La legge n. 81 del 22 maggio 2017, recante misure per la tutela del lavoro autonomo non imprenditoriale, ha previsto che l’aliquota contributiva per i contratti di collaborazione coordinata e continuativa sia pari al 34,23%, di cui un terzo (pari al 11,41%) a carico del lavoratore. Per i contratti di lavoro dipendente la contribuzione a carico del lavoratore è pari invece al 9,19%.
Il progressivo aumento dell’aliquota contributiva per i collaboratori che versano nella Gestione Separata è stato previsto più di dieci anni fa e le percentuali sono state di volta in volta implementate nel corso del tempo. Per esempio, lo scorso anno è stata resa strutturale la Dis-Coll (ammortizzatore sociale che prevede un’indennità di disoccupazione in favore dei collaboratori che hanno perso involontariamente il lavoro), in precedenza finanziata dalla fiscalità generale, che invece dal 2017 viene alimentata da un’aliquota contributiva aggiuntiva dello 0,51%.
L’aumento della contribuzione per queste tipologie contrattuali atipiche è sempre stata accolta con gran favore dalle organizzazioni sindacali, in quanto attraverso l’innalzamento del versamento Inps si riduceva il pericolo di dumping contrattuale, normativo ed economico tra il lavoro parasubordinato e quello dipendente. Al netto dei vincoli di carattere legislativo sulla possibilità di assumere genuinamente o impropriamente un lavoratore con contratto di collaborazione coordinata e continuativa, quest’ultimo risulta economicamente conveniente all’impresa in quanto non coperto dalla contrattazione collettiva nazionale ed escluso da alcune coperture previste dalla legge per i lavoratori dipendenti (per esempio, il Trattamento di fine rapporto).

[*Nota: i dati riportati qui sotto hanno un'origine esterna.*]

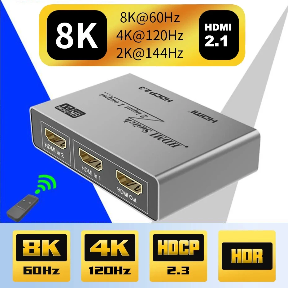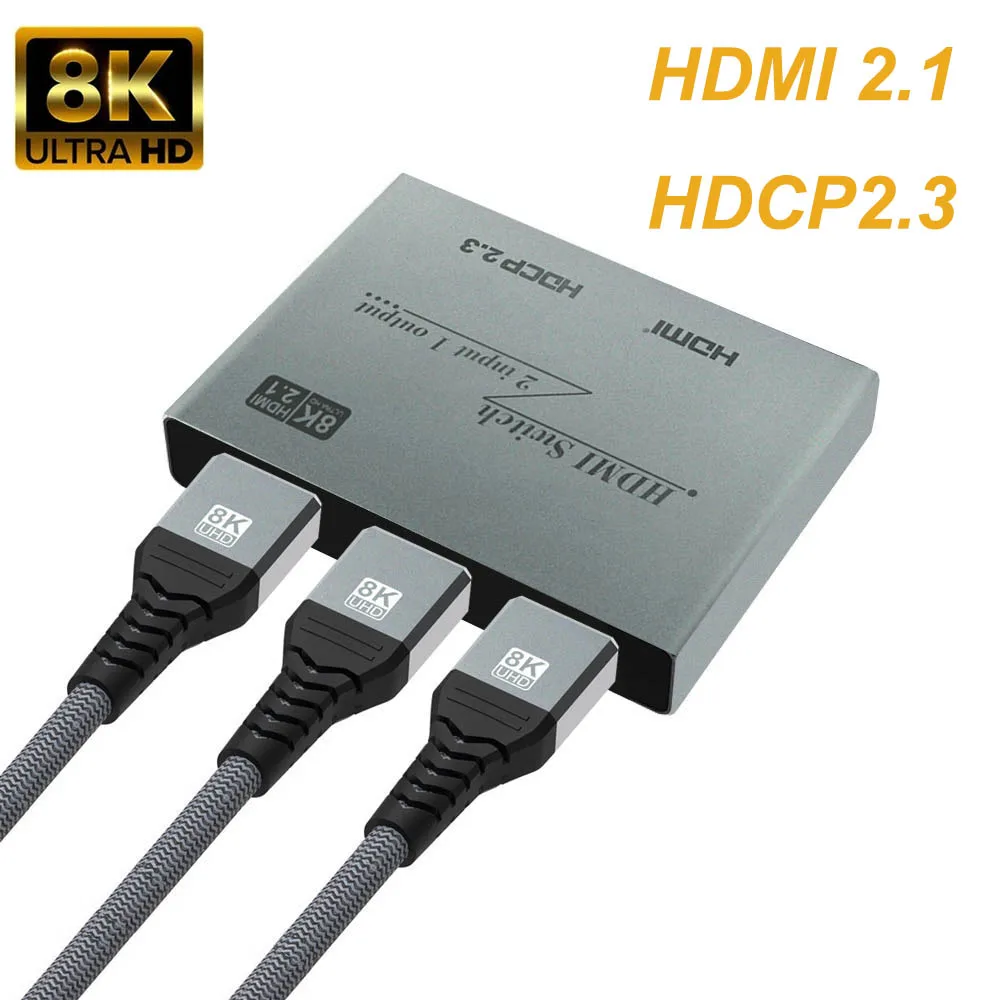 Conmutador 8K HDMI 2x1: admite resolución de hasta 8K @ 60Hz 4K @ 120HZ, proporciona velocidades de transferencia de hasta 48Gbps

Solo negli ultimi anni la contrattazione nel mondo atipico ha iniziato a consolidarsi, anche grazie agli spazi offerti dalle disposizioni legislative. Attraverso il negoziato, in particolare in quei settori dove le figure professionali erano e sono particolarmente precarie (call center su tutti), sono state introdotte tutele aggiuntive, per provare a ridurre il gap con il lavoro dipendente. In questo sforzo finalizzato a evitare la separazione tra lavoratori di serie A e serie B, a livello contributivo i collaboratori hanno superato la percentuale di versamento dei lavoratori dipendenti.
A questo punto appare necessario introdurre due modifiche sostanziali. La prima consiste nel rivedere la ripartizione dell’aliquota contributiva tra quota a carico del collaboratore e committente, al fine di non danneggiare il compenso netto del lavoratore e mantenere una certa equità rispetto al lavoro dipendente. La seconda modifica consiste nell’implementare le prestazioni e le tutele previste all’interno della Gestione Separata Inps, in cui versano appunto anche i lavoratori parasubordinati. Gli avanzi degli esercizi precedenti e l’aumento del gettito contributivo non giustificano più il basso numero di prestazioni e il modesto valore economico delle stesse.
Il problema quindi non è l’alta aliquota contributiva di versamento Inps, anzi, questa è funzionale a evitare forme di abuso contrattuale, quanto invece l’eccessivo aggravio della stessa sul collaboratore, se consideriamo infine che lo stesso lavoratore beneficia in misura molto residuale delle tutele e prestazioni previdenziali e assistenziali erogate dalla Gestione separata. In questo contesto come Felsa-Cisl siamo costantemente impegnati nel rafforzare attraverso i diversi ambiti di negoziato la parità contrattuale tra dipendenti e parasubordinati, ribadendo anche al nuovo Esecutivo che andrà a costituirsi dopo il 4 marzo la priorità di proseguire la riforma della Gestione separata, garantendo oltre al cumulo dei versamenti con il fondo pensione lavoratori dipendenti e il consolidamento strutturale della Dis-Coll, anche l’introduzione dell’automatismo della prestazione e l’estensione della prestazione di malattia e maternità sia in termini economici che di accesso.